Apart from pictures, transcribe exactly each line from the one containing "二項分布の簡単な例 】 1個のさいころを1回投げて1の目が出る確率は, このとき,さいころを5回投げたとき1の目が2回出る確率は" through the final line of the listing below.
++++ Data segment
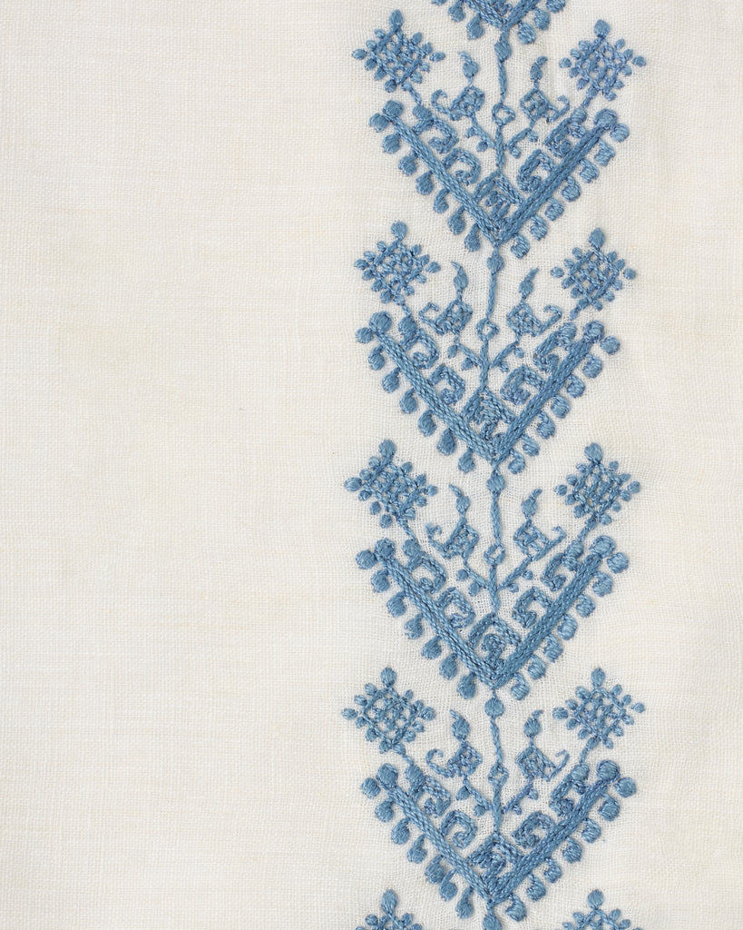 The Schemata Linen Placemat is woven in the finest Egyptian linen and features a geometric border of embroidery. Hand-crafted by Malaika Linens, a women's cooperative artisans in Egypt, its exclusive design pays homage to traditional Greek folk motifs and embodies the spirit of age-old Mediterranean craft and culture.
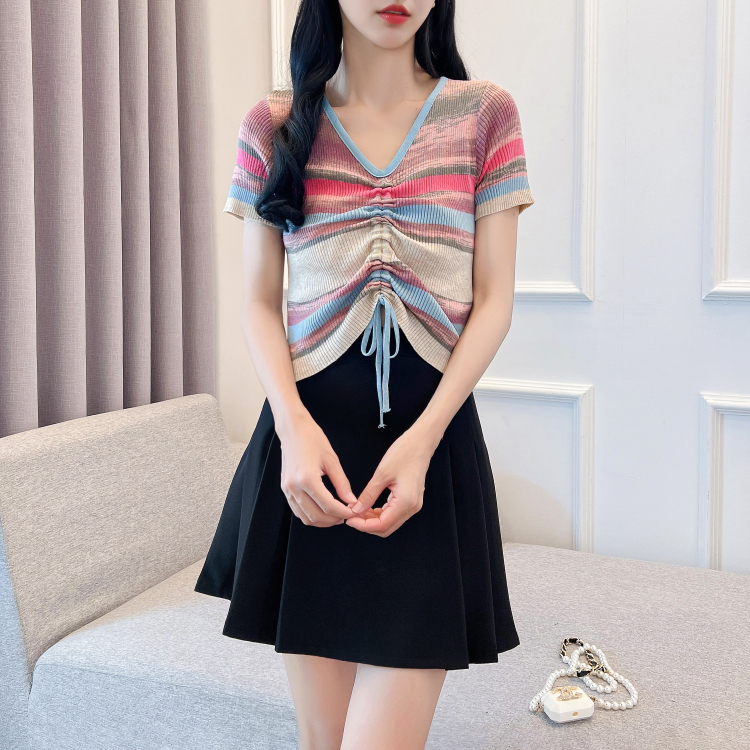 RM18421#夏季新款ins设计感V领抽绳辣妹短款T恤冰丝针织女
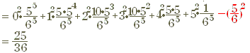 ■まったくの初心者向け■ 【 二項分布の簡単な例 】 1個のさいころを1回投げて1の目が出る確率は, このとき,さいころを5回投げたとき1の目が2回出る確率は
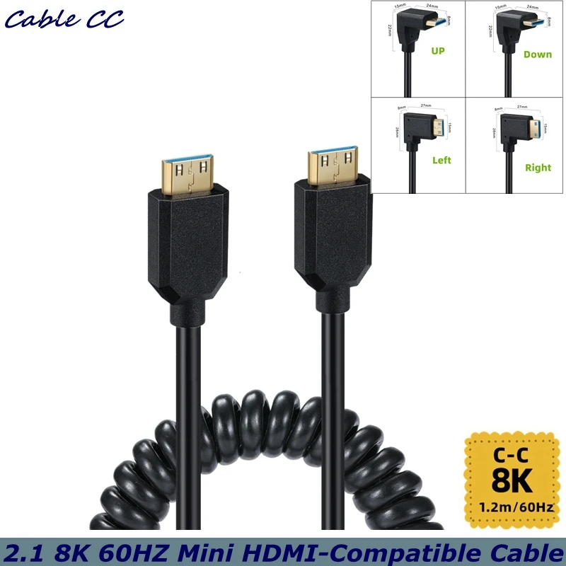 Comprar Cable de extensión de resorte, 8K @ 60Hz, 48gbps, Mini HDMI, compatible con Cable HD de extensión de codo C/M a C/M, versión 2,1
++++++++
**Exercise result:**
 ■まったくの初心者向け■ 【 二項分布の簡単な例 】 1個のさいころを1回投げて1の目が出る確率は, このとき,さいころを5回投げたとき1の目が2回出る確率は
 Comprar Cable de extensión de resorte, 8K @ 60Hz, 48gbps, Mini HDMI, compatible con Cable HD de extensión de codo C/M a C/M, versión 2,1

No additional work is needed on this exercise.